Новая жизнь была тихой. Слишком тихой для человека, который провёл двенадцать лет в отдельном отряде специального назначения, где тишина была роскошью, а каждый звук мог означать смерть. Но Максим привык и к этой тишине — привык к тому, что по утрам его не будят взрывы, не рвутся в ушах команды, не кричат раненые. Привык к тому, что можно просто лежать и слушать, как за окном шуршит метла дворника, как где-то далеко кричат чайки, как по коридору проходит соседка с тяжёлыми сумками. Привык к одиночеству, которое стало его единственным спутником, его тенью, его постоянным собеседником, с которым не нужно было говорить вслух.
Квартира на третьем этаже старой пятиэтажки была маленькой, даже по меркам Анапы — тридцать два квадратных метра, одна комната, кухня, совмещённый санузел и крошечный коридор, который больше походил на шкаф. Кирпичные стены, когда-то оштукатуренные, теперь покрытые паутиной трещин, напоминали старую кожу с морщинами. Обои с жёлто-зелёными цветочками, наверное, советских времён, местами отходили от стен, пузырились и отслаивались. Максим не переклеивал их — ему было всё равно. Он не приглашал гостей, не собирался украшать жильё, не хотел делать его уютным. Уют требовал привязанности, а привязанность — потерь. Он уже потерял достаточно.
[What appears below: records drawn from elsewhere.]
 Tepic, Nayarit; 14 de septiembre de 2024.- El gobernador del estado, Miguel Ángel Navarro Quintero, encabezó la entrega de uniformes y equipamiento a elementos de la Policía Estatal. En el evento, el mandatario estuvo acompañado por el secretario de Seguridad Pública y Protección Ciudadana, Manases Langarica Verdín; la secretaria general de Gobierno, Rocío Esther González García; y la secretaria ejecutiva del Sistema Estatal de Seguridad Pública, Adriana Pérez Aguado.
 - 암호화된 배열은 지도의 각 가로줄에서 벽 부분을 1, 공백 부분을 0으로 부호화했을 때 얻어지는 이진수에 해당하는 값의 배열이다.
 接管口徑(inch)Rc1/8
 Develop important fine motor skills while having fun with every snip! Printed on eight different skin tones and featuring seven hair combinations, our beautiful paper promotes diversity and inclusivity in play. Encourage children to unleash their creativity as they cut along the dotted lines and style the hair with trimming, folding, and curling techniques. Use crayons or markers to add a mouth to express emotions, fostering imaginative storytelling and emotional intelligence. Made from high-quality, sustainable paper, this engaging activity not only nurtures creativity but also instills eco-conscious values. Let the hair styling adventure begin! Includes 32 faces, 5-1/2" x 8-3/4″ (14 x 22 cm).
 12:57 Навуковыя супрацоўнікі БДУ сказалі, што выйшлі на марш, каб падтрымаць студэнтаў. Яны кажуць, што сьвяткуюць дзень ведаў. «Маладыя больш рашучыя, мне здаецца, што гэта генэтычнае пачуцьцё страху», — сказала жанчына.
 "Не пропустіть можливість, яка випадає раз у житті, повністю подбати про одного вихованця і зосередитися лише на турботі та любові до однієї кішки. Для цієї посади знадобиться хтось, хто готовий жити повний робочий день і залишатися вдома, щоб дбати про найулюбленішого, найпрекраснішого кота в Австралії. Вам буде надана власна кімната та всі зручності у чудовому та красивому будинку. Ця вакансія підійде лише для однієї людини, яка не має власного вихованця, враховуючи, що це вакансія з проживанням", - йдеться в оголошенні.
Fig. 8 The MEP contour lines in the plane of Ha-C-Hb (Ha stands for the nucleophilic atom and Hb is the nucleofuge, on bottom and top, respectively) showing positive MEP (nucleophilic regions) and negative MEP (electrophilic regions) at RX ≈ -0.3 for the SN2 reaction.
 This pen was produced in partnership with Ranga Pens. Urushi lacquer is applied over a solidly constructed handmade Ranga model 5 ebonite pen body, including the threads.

Окна выходили на южную сторону — на крыши соседних домов, за которыми, если высунуться в проём, открывалась узкая полоска моря. Тонкая, серебристая, как лезвие ножа на горизонте. Это море он видел каждое утро, но никогда не уставал смотреть на него — оно напоминало ему о том, что мир всё ещё существует, что он не замкнут в четырёх стенах своей клетки.
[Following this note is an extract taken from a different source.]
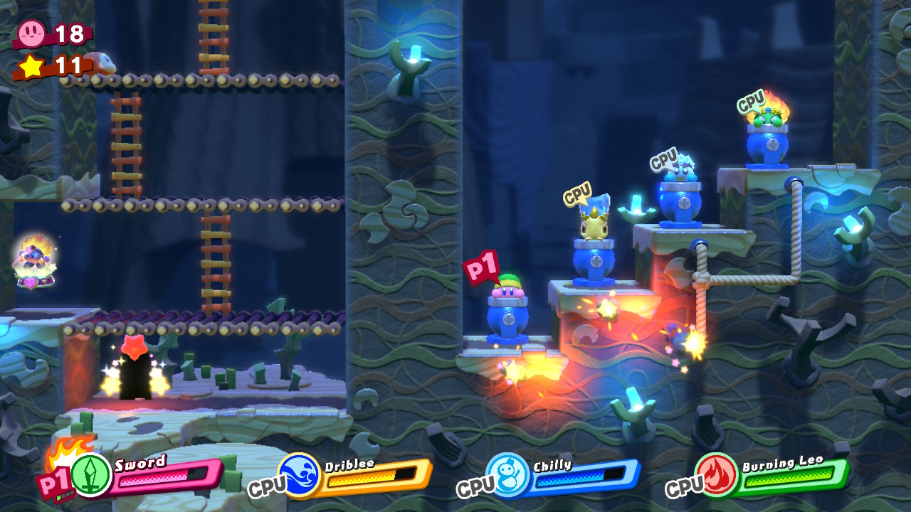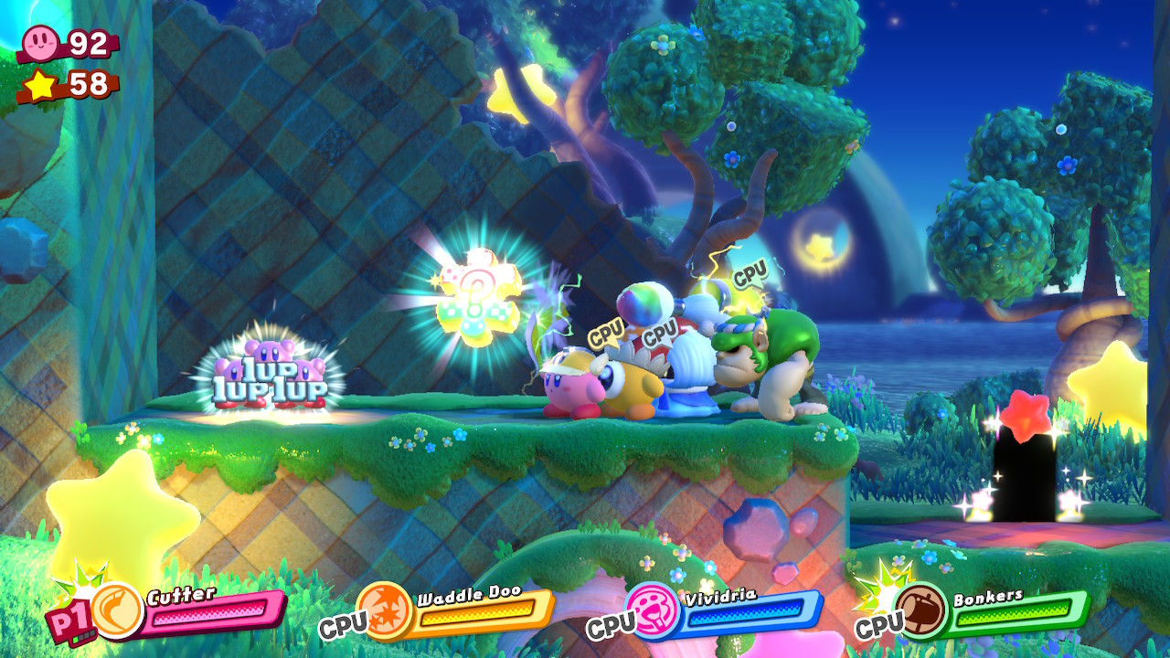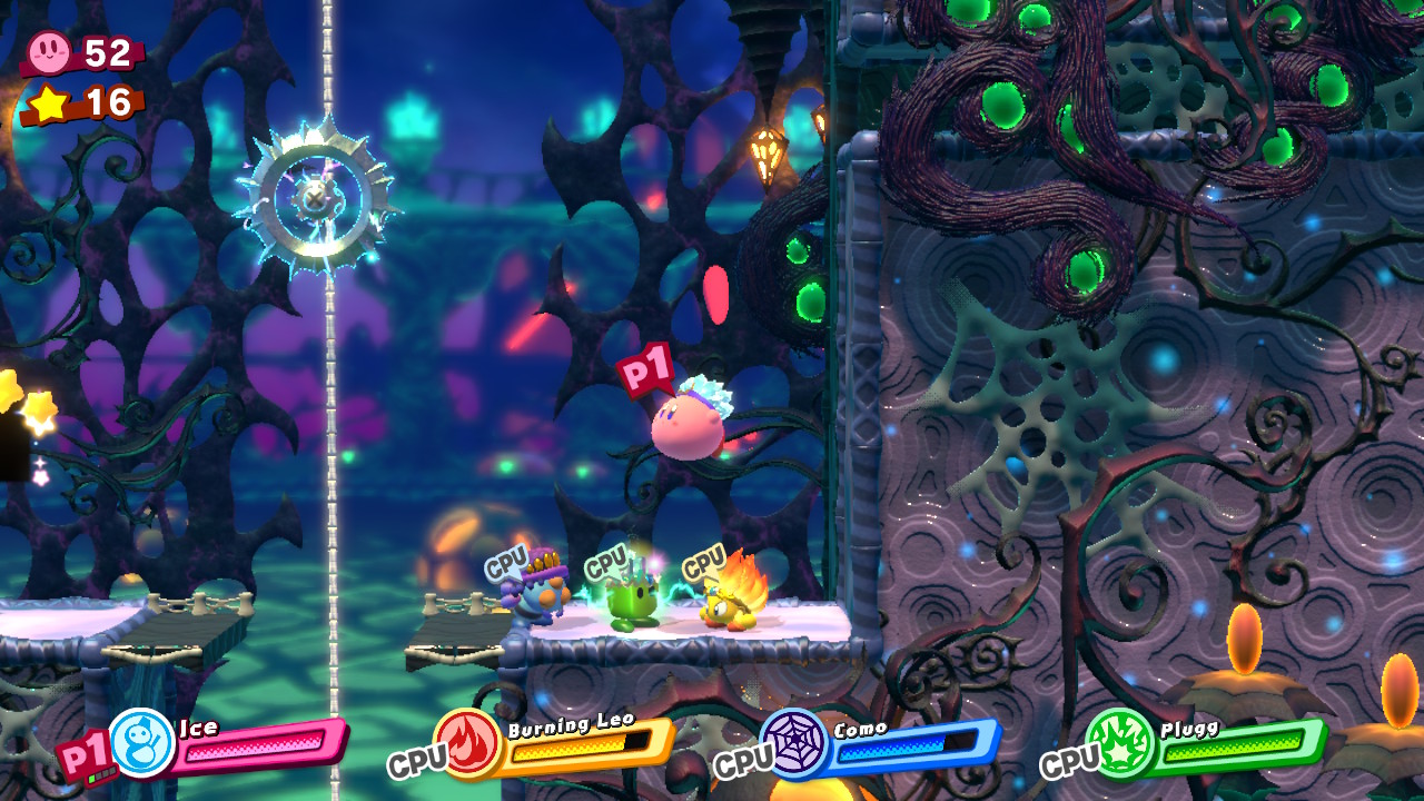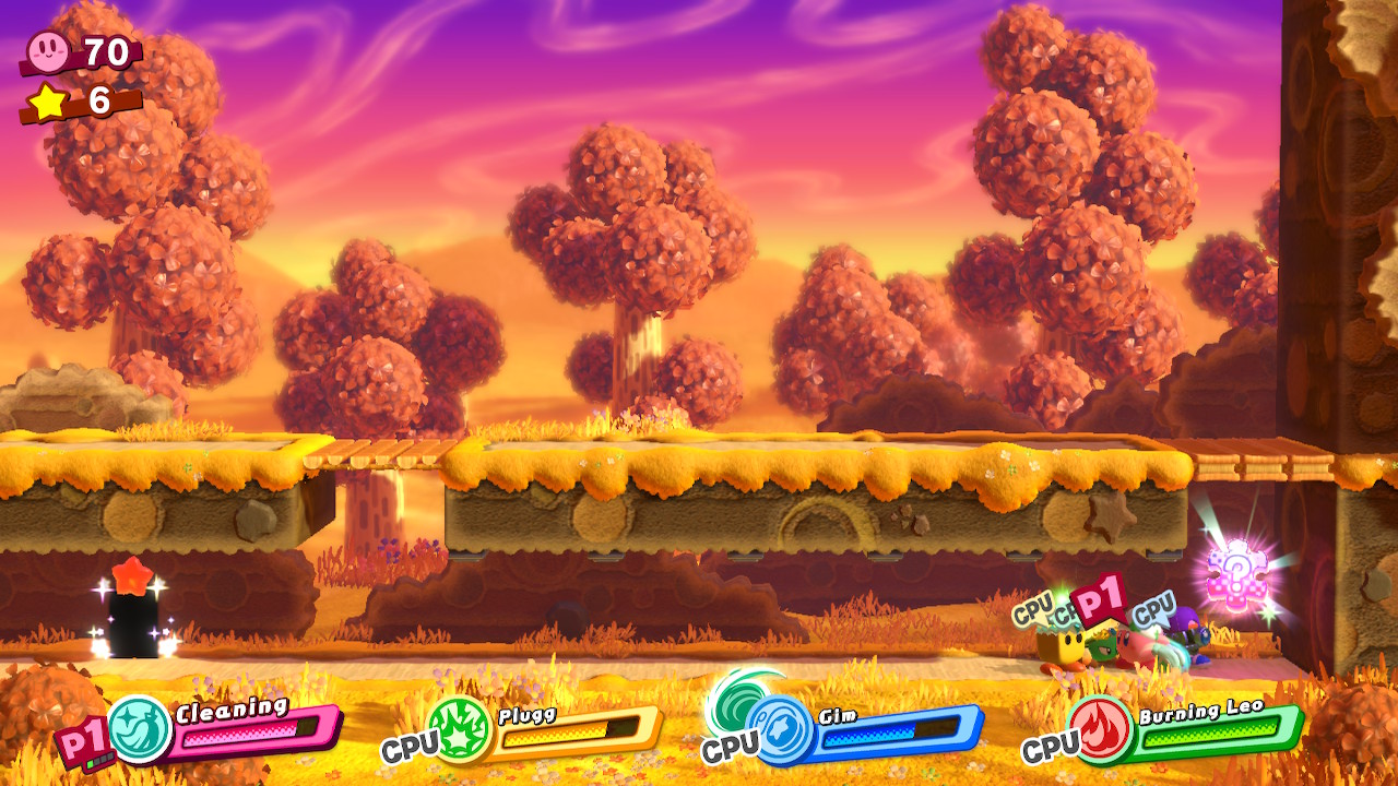 - 1-EX: Extra Éclair – Later in the level, you’ll reach a long forest with hanging nuts on trees. At the end of the room, there’s a locked door. The key is located in the previous forest on a tall tree. Grab a Sword ability and cut down the high, hanging nut. Through the door, pull down the cork with four friends and then complete the bonus room.

Максим сел на кровати, которая стояла в углу и служила ему одновременно диваном и местом для хранения вещей. Босые ноги коснулись холодного линолеума, и по телу пробежала лёгкая дрожь — не от холода, а от привычного напряжения, которое никогда не отпускало его до конца. Спина заныла — старая привычка, привет от осколка под Тартусом. Три года прошло, осколок вынули, шрам затянулся, но боль осталась — живёт в мышцах, в связках, в памяти тела. Тело помнит то, что мозг запретил себе помнить. Левое колено щёлкнуло, правое плечо хрустнуло, когда он потянулся. Тридцать семь лет — тело как машина после капремонта: едет, но скрипит, но стучит, но напоминает о каждом километре, о каждой яме, о каждом ударе. Максим потер лицо ладонями, чувствуя щетину, которую забыл сбрить накануне. Он не обращал внимания на такие мелочи — они не имели значения. Всё, что имело значение, осталось там, за тысячу километров отсюда, в песке и крови, в дыму и огне, в лицах товарищей, которые смотрели на него перед смертью и просили не бросать их.
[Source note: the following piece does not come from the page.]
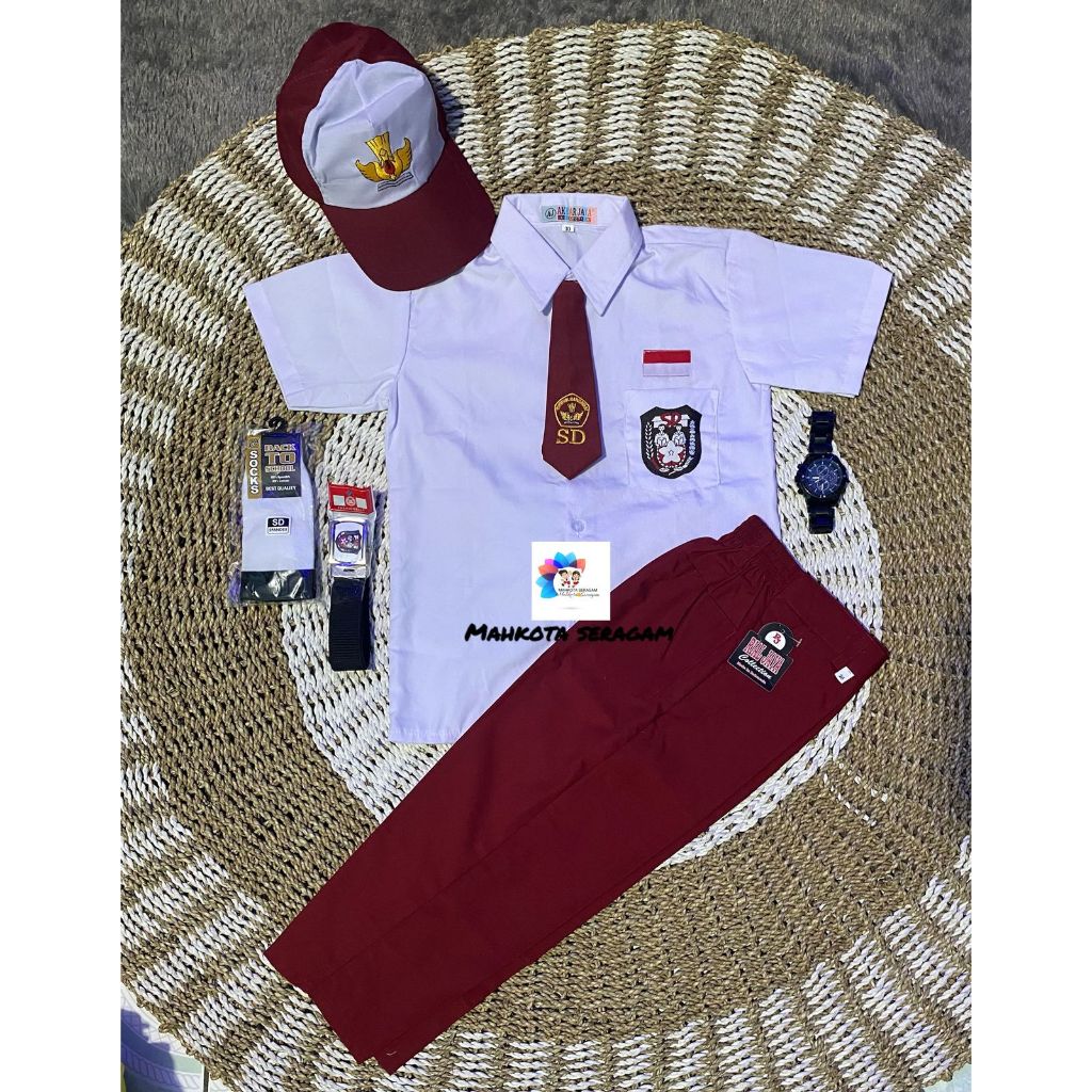 Setelan Super Lengkap Seragam Sekolah SD LAKI BAJU PENDEK CELANA PANJANG Cowok

Он встал, прошёл в ванную. Два шага, три, четыре — квартира маленькая, он знал каждый сантиметр, каждую половицу, которая скрипит, каждый гвоздь, который торчит из стены. В ванной было тесно — старая ванна с облупившейся эмалью, раковина с застарелым налётом, зеркало с трещиной в углу, похожей на паутину. Он посмотрел на себя в это зеркало — не каждый день он смотрит, не каждый день хочет видеть то, что видит. Лицо — не красивое, не уродливое, такое, какое есть. Короткий ёжик тёмных волос, который он стриг раз в месяц машинкой, не задумываясь. Седина у висков — ранняя, не от возраста, от того, что он нёс в себе. Шрам от брови до скулы — тонкий, белёсый, как нитка, как шов на старой коже. Серые глаза, чуть впалые щёки, губы сжаты в прямую линию — привычка, которая вросла в него, которая стала частью его лица. Он не улыбался. Он давно разучился улыбаться. Улыбка была для тех, кто верил в завтрашний день, а он в него не верил — он просто существовал, проходил день за днём, как автомат, который выполняет программу, но не знает, зачем.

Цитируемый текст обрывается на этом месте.